The dancer was taken aback, embarrassed that she knew his name and he didn’t know hers. He was Valjean and she was mostly backup unless Cosette had a problem, but it felt wrong to him anyway.
“You sleep here a lot?” he asked, sitting down next to her to lace up his boots.
“Only place I can. My apartment’s too cold and even if it weren’t I doubt I could.”
“You always have nightmares?”
“Always have. There’s a science behind it, I heard an article on NPR. Your unconsciousness talks to your consciousness while you’re asleep, and mine seems to only speak nightmare. Never two the same, either. People talk about their reoccurring nightmares and I get jealous.”
“You think that would be better?”
She shrugged. “I dunno. Maybe. We always want what we can’t have.”
And it’s true, the dancer thinks. Now, more than ever. He leans up against Emily in the alleyway, pulling her close to him. She is so warm. She smells like sweat and hairspray and chalk. Another gust of wind blows through him and he shivers.
“You know how many kids would kill to have our jobs?” he says. “To have our lives?”
She remains quiet, her hands still now. The light behind them shuts off, the theater is finally empty and closed for the night. It will be just a few hours, though, before it fills up once again with crowds of talking, dancing breathing people. The thought makes him feel sick.
He flicks the lighter on and off, watching the little blue flame dance. It’s so dim, and yet in the alleyway it’s the brightest thing there is. The shadows sway and flicker along with it. Click—light. Click—dark again. Click. Click. It’s out of fuel.
“We should run away,” he says to Emily. “Get a truck and just drive somewhere, just go and not ever come back.”
“You’re high.”
“Yeah, but I’m serious. You and me? We could find somewhere to stay and just sleep, sleep for like a year.”
“You know I can’t.”
“We gonna stay here ‘till we die?”
Emily thinks about it for a minute. “Probably,” she says.

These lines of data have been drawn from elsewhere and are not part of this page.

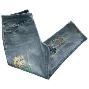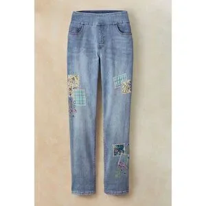 These comfortable stretch denim jeans bring patchwork flair you'll love with whimsical embroidery and appliquéd patches adding special character. The pull-on waist eliminates gapping and ensures comfortable all-day wear, while the fitted-through-hips-and-thighs silhouette flatters without feeling restrictive. High rise sits at the waist for coverage, and the straight leg with 14" opening works with everything from sneakers to boots. Classic 5-pocket styling adds authentic denim details.
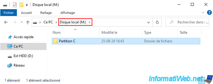As you can see, the "Local Disk (M:)" appears in the file explorer.
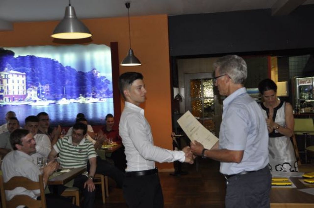 03. Juli 2015Die Lehrabsolventen, Lehrer und Lehrmeister trafen sich am 03. Juli 2015 zur Lehrabschlussfeier im Restaurant Stadtgarten in Wangen an der Aare.
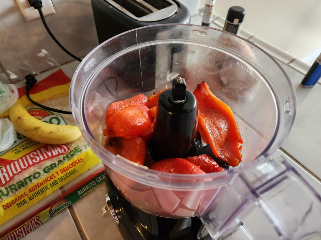 After roasting let the peppers cool in a bowl with some plastic wrap on it to assist with the steaming of the skins. When cool enough to handle, peel off the blistered skins, chop the peppers into a few bits and drop them in the working bowl of your food processor.
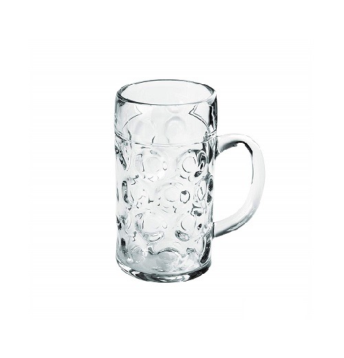 Brocca birra in vetro resistente con fondo rinforzato.
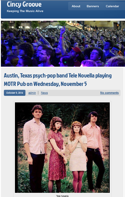 Cincy Groove previews Tele Novella Posted on October 25, 2014November 6, 2014 by Rebekah Tweed Cincy Groove previews Tele Novella‘s upcoming show at MOTR Pub. Share this: Click to share on X (Opens in new window) X Click to share on Facebook (Opens in new window) Facebook Like Loading... Related
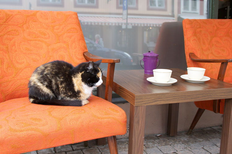Since I have no animals of my own (currently living a gypsy-student-life), I thought I’d submit a photo of this wonderfully colorful cat I found outside a shop in Lillehammer, Norway.
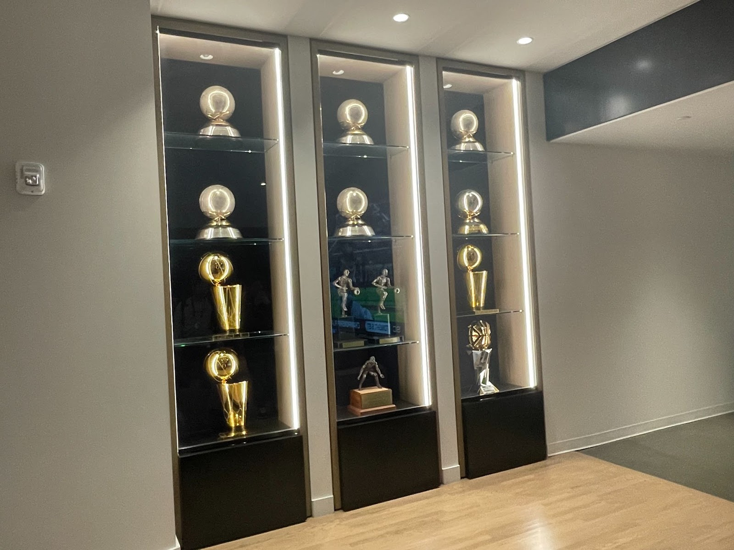 さて次は今回のSBCの(新堀的)メインディッシュであるChase Centerの視察をさせていただきました。関係者口で荷物検査などを行い、中に入るとなんとまず現れたのは受賞したトロフィーの数々…この時点で私の興奮はMAXでした(笑)

The dancer closes his eyes, and wonders what it would be like to live somewhere peaceful, do something different. He imagines a body free of aches and pains, no more ballet shoes. He thinks about how nice it would be to get fat and sleep in and maybe even go to college for architecture. Eventually he dozes off, not waking up ‘till morning when the other dancers, stagehands and musicians begin to file in through the back door.
“Alright, baby,” Emily says, in his dream. “Let’s run away.”